The tone is measured and cautious, acknowledging competitive and macroeconomic headwinds while emphasizing internal strengths, prudent management, and a focus on long-term sustainability.
Dividend Policy
- Interim Dividend: S\$0.002 per share for 1H 2025 (payable 19 November 2025), down from S\$0.005 per share in 1H 2024. This significant reduction reflects the Group’s more conservative approach in the current challenging environment.
Related Party Transactions and Corporate Actions
- No significant related party transactions were reported beyond standard directors’ fees and key management compensation.
- No new share buybacks, placements, or mandates. Treasury shares held steady at 4.7% of issued shares.
- No major fundraising, IPOs, or divestments aside from the property sale already disclosed.

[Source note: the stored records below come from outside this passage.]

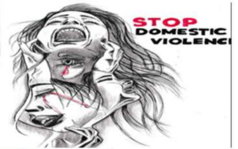
Sketch/Drawing competition arranged on "International Women's Day" on 8 March 2022 Sketch by- Miss Thakur Bhuvaneshwari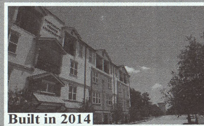
Built in 2014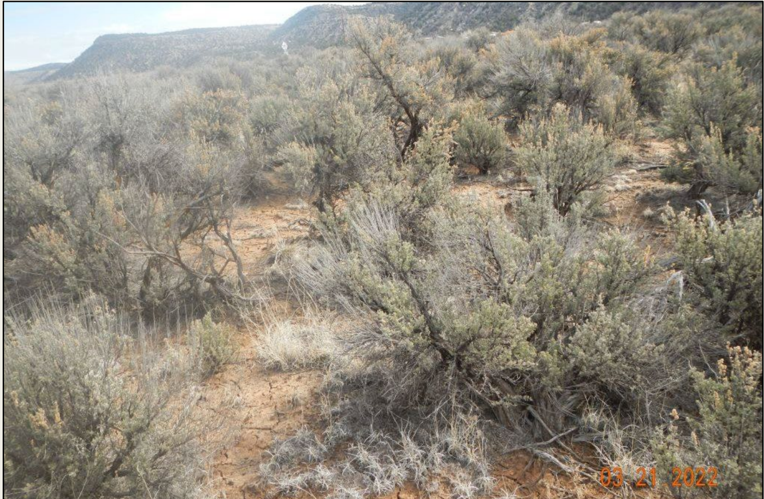
Photo 7. View of reference area comprised of sagebrush shrubland with understory of James galleta, squirreltail, prickly pear, and penstemon.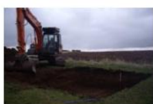
CA034 Briar Rose, Gamrie 017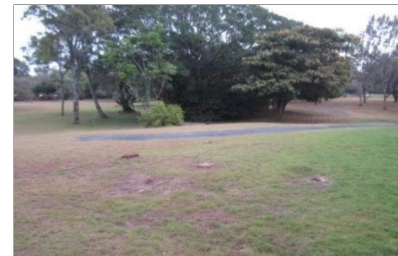
Mon Repos Cable Station remains setting, old footings visible in ground.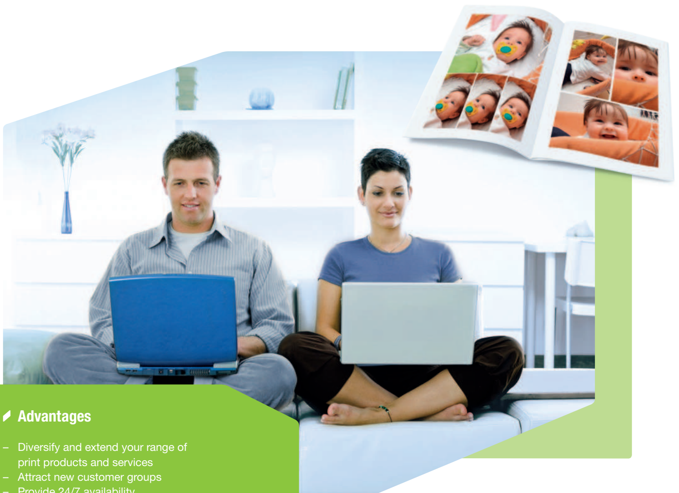
Photo book creation is an easy and attractive enhancement of your online print offering. Via a photo book application, you provide your customers with easy yet extensive online layout possibilities to create albums or calendars with their photos of holidays, events and other occasions. Similar to other web-to-print applications, photo book software includes online submission, payment and tracking, right down to the final delivery or collection of the printed photo book.

“Expand your services and grow your revenue.”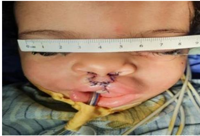
Figure (6): the first patient following the second stage.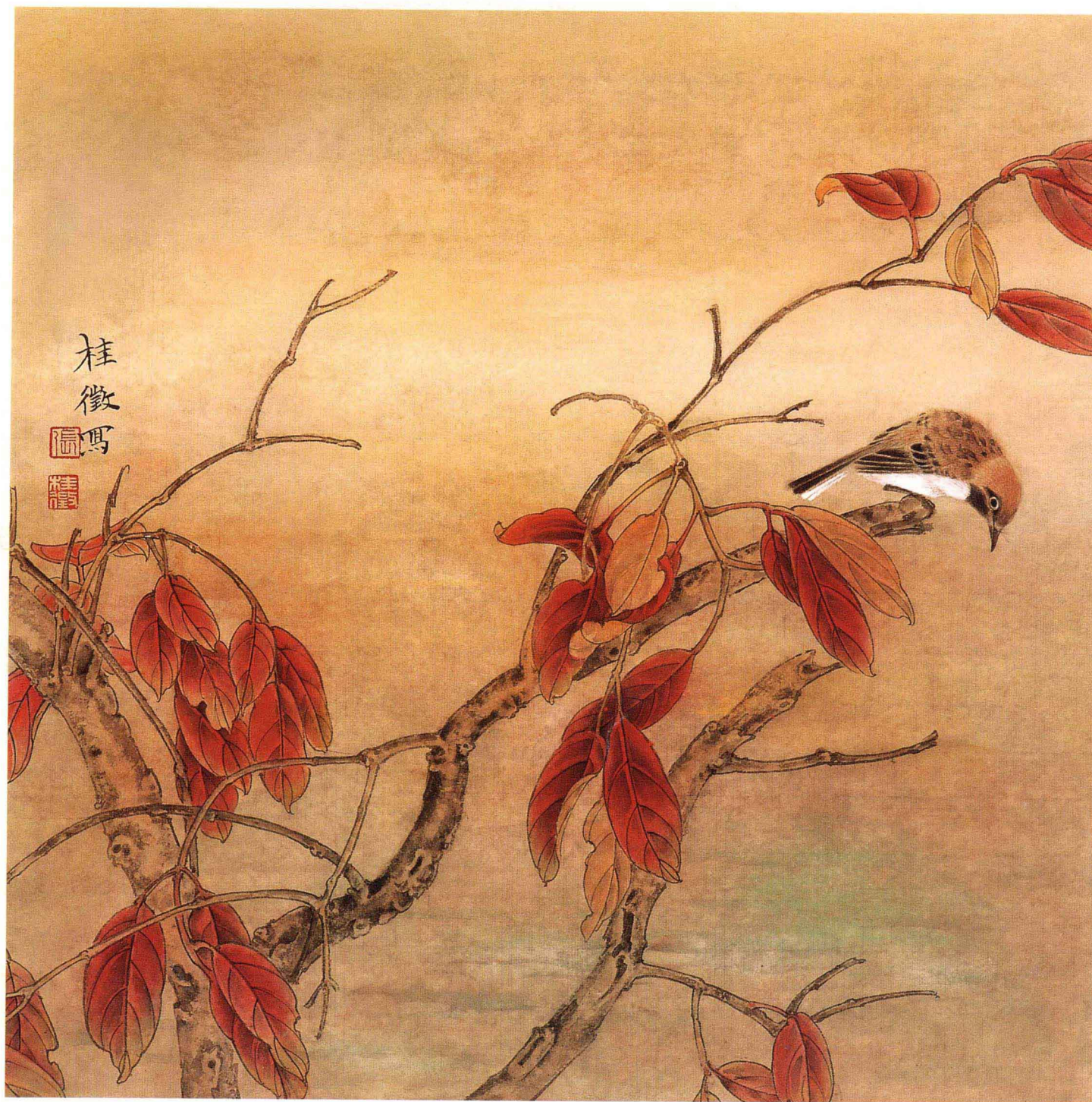
艳秋 1998年 (45cm x 43cm)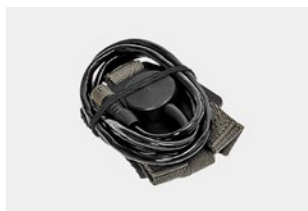
Headset VX1/VXT1 Item No. 2903170320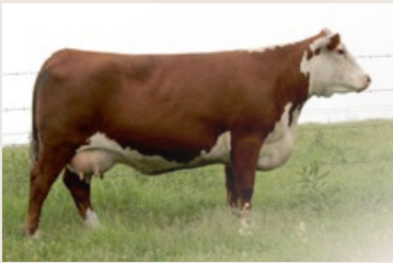
Unique 80W, Granddam Lot 11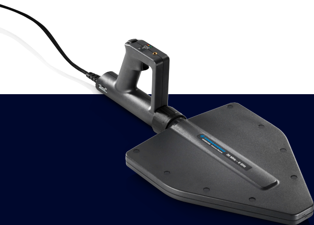
R&S®HE400 handheld directional antenna with R&S®HE400UWB.

The operating frequency range of the system depends on the lower and upper frequency of the antenna, the receiver or the analyzer.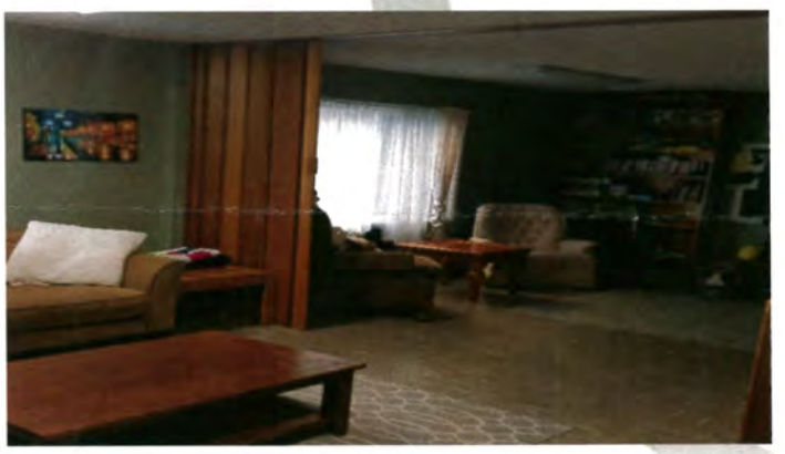
Below Right: Day room of our day center. Designed and decorated by our day center committee.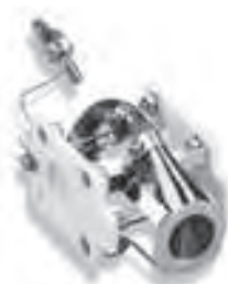
Multiplier for PE® Ion Trap. CPI P/N 4200-010204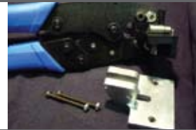
D) Mounting Adapter Flange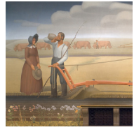
Breaking the Prairie Sod Grant Wood, 1936-1937 Parks Library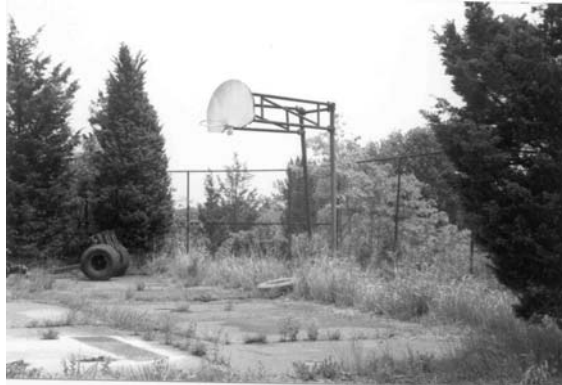
Basketball court as photographed in 2003.

PD: These trailers are stored in a semi surrounded asphalt pad compound that used to be an old basketball court, an open air basketball court. (Information not important.) You can still see the lines for basketball and badminton they used play on this asphalt court. There is even a rusty old basketball net up there, backboard.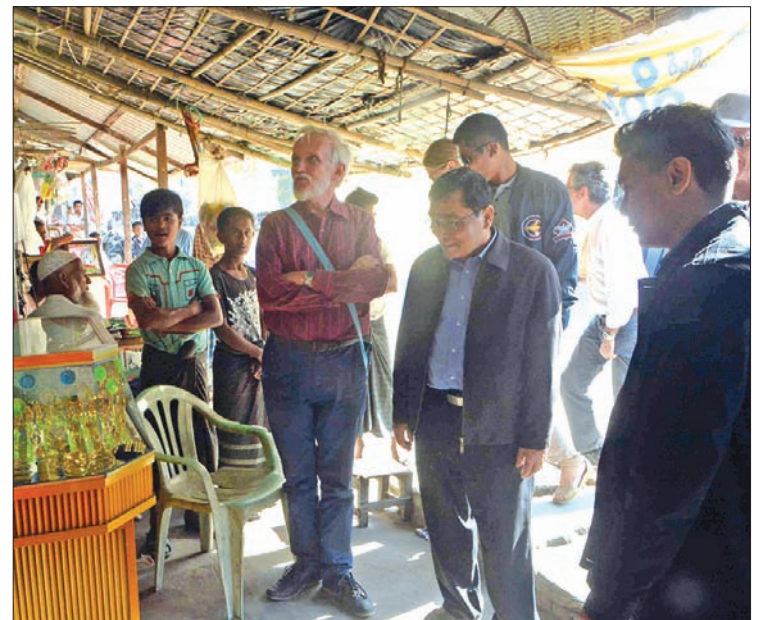
The delegation of diplomats and UN officials headed by Union Minister Dr. Win Myat Aye visits Maungtaw Market.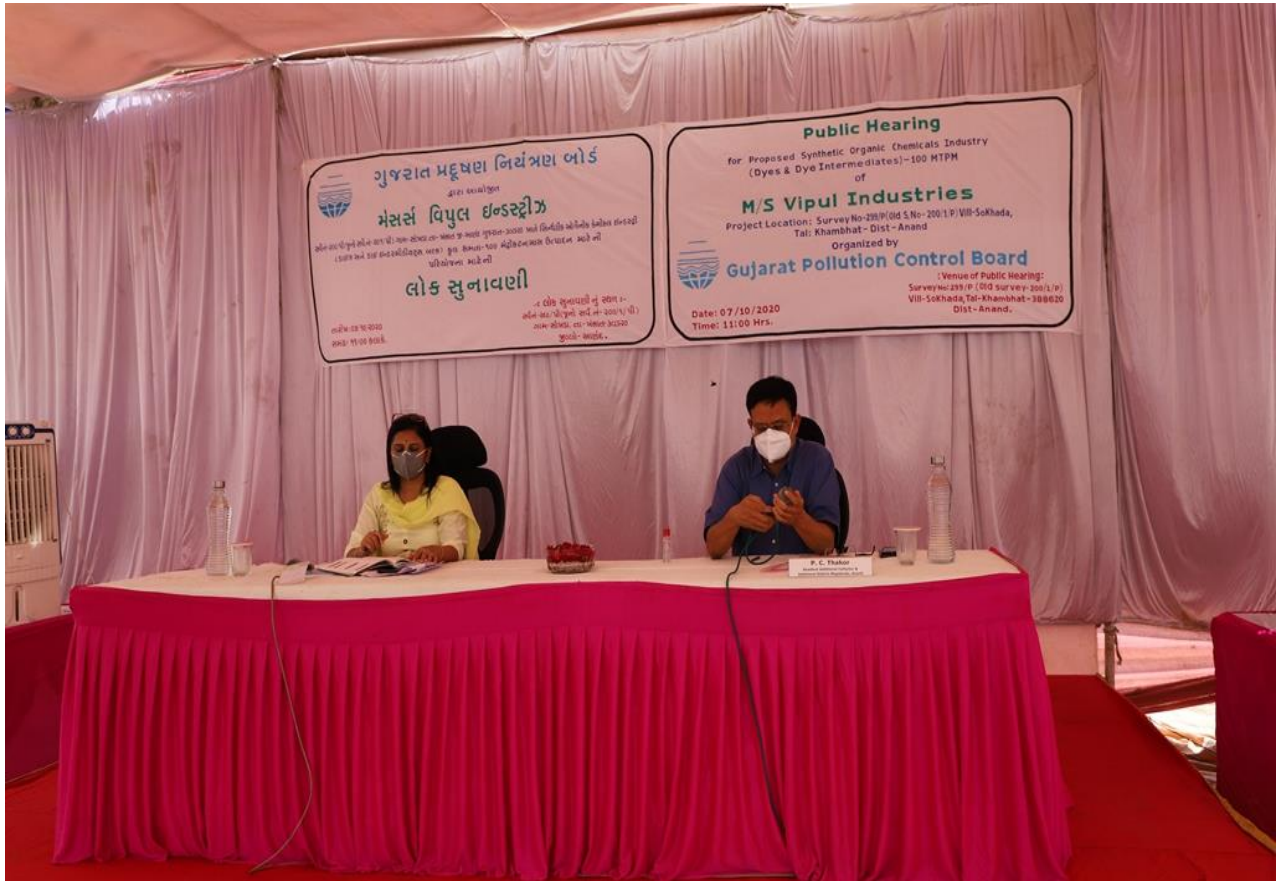
Figure 7.1: Photographs of Public Hearing

Conclusion and Investment Recommendations
Performance Summary:
The Group delivered lower revenue, profit, and EPS in 1H 2025, pressured by weaker packaging results in China and competitive forces across its businesses. Margins contracted, and operating cash flow declined. Management responded with tighter capital returns (lower interim dividend) and a focus on balance sheet strength.
Outlook:
The outlook is neutral to slightly cautious. While the Group has a robust net cash position and is actively managing costs and innovation, business headwinds in both key segments persist—particularly in China’s packaging industry and the competitive consumer goods environment. Dividend cuts highlight management’s prudence in safeguarding liquidity amid uncertainty.
- If you are currently holding this stock: Consider maintaining your position if you value strong balance sheet companies with defensive characteristics and are comfortable with near-term earnings volatility. Monitor for stabilization or recovery in the packaging business and evidence of successful execution in product innovation and cost control. Be mindful that dividend returns are now more modest.
- If you are not currently holding this stock: Exercise patience and closely watch for signs of improvement in core segment profitability and business conditions, especially in China. Entry may be considered if valuation becomes compelling or if management demonstrates clear progress in restoring growth and margins. Conservative investors may prefer to wait for more concrete signs of earnings recovery or improved dividend outlook.
Disclaimer: This analysis is based strictly on information contained in PSC Corporation Ltd.’s published interim financial statements for 1H 2025. It does not constitute financial advice or a solicitation to buy or sell any security. Investors should consider their own financial circumstances and consult with a professional adviser before making investment decisions.